No maten a Voltaire

La Francia cuna de la ilustración y defensora de los derechos humanos vivió un brillante siglo XVIII. El llamado siglo de las luces supuso un terremoto moral y político que desembocó en la Revolución Francesa y la demolición más o menos controlada del antiguo régimen en Europa.

    14 ene 2015 / 11:45 H.

    Una figura imprescindible para entender dicho siglo es la del escritor, historiador, filósofo y abogado francés François Marie Arouet , más conocido como Voltaire. Pocas personalidades han demostrado mayor viveza intelectual y capacidad crítica que este gigante del pensamiento.
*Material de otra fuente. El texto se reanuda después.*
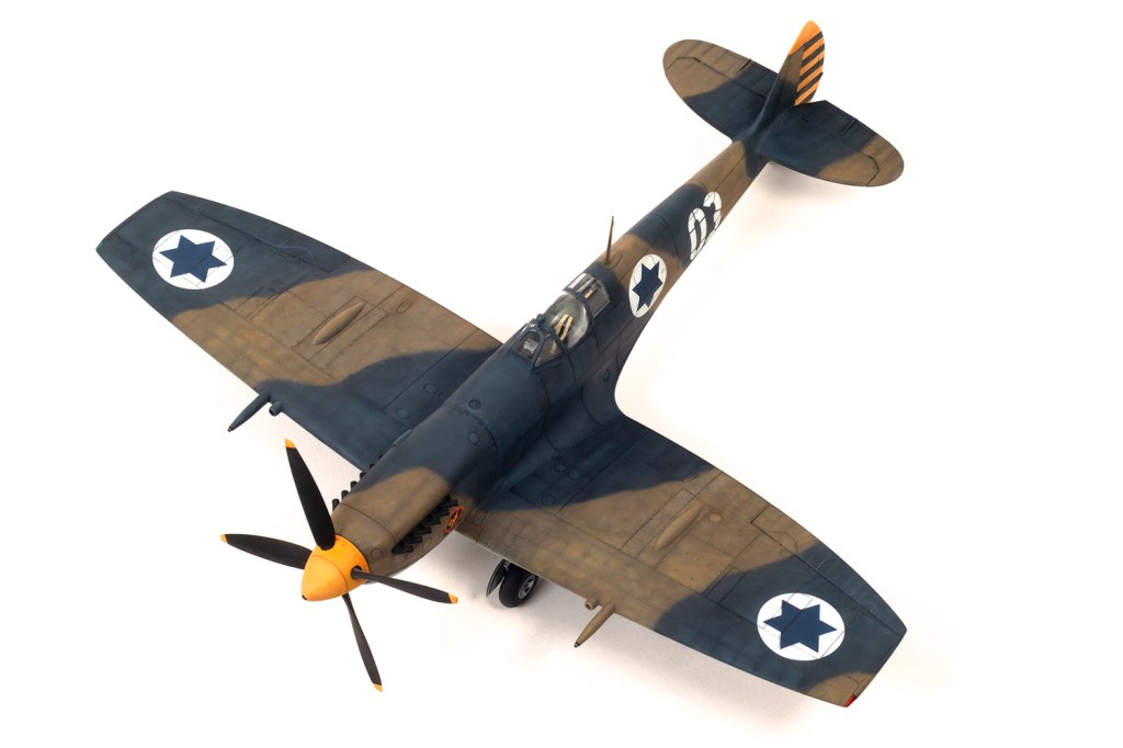 To make mine stand out a bit, and fit within my collection of post-war military aircraft, I decided to make mine in Israeli markings; although the Czechoslovakian markings the kit came with would also have worked, that scheme was just a tad dull. Much better, in my opinion, to have something finished in the unusual combination of dark blue and brown with a bright yellow tail and spinner. I purchased fündekals ‘Spitfires of the Israeli Air Force’ set, which was nicely printed but only had instructions online. There are lots of interesting and colourful options provided, although in the end I would only use a single decal from the sheet.

Su biografía es una amalgama de peripecias vitales donde no faltan todo tipo de vicisitudes en forma de duelos, arrestos o destierros mientras construía una extensa obra literaria y filosófica que lo encumbraban como uno de los opinantes más cualificados de su tiempo. Muy influenciado por autores como Bacon, Newton o Locke defendía la libertad de pensamiento, la tolerancia y la justicia como instrumentos superadores de la ignorancia, el dogmatismo y las supersticiones de toda índole. Sus grandes aliados fueron el verbo fácil y una pluma bien afilada. Utilizó con maestría la ironía y el sarcasmo, algo que no le ahorró enemigos pero que lo encumbró como uno de los mayores defensores de la libertad de expresión de todos los tiempos. Tan solo unos días después de los terribles hechos que golpearon París conviene recordar que la libertad de expresión debe protegerse como un derecho inherente al ser humano incluida su vertiente más ácida como es la sátira. El semanario francés Charlie Hebdo, digno heredero del Voltaire más irreverente, no ha renunciado a mantener esa higiénica costumbre que supone la crítica mordaz hacia cualquier estamento religioso o de poder. Las atroces consecuencias que sufrieron por ser coherentes con estos ideales nos deben reafirmar en la convicción de que blindar nuestras libertades individuales es la mejor vacuna contra la autocensura, de forma que la sociedad pueda mantener su espíritu crítico,      su cuestionamiento permanente y, por tanto, su desarrollo.  Javier Morallón.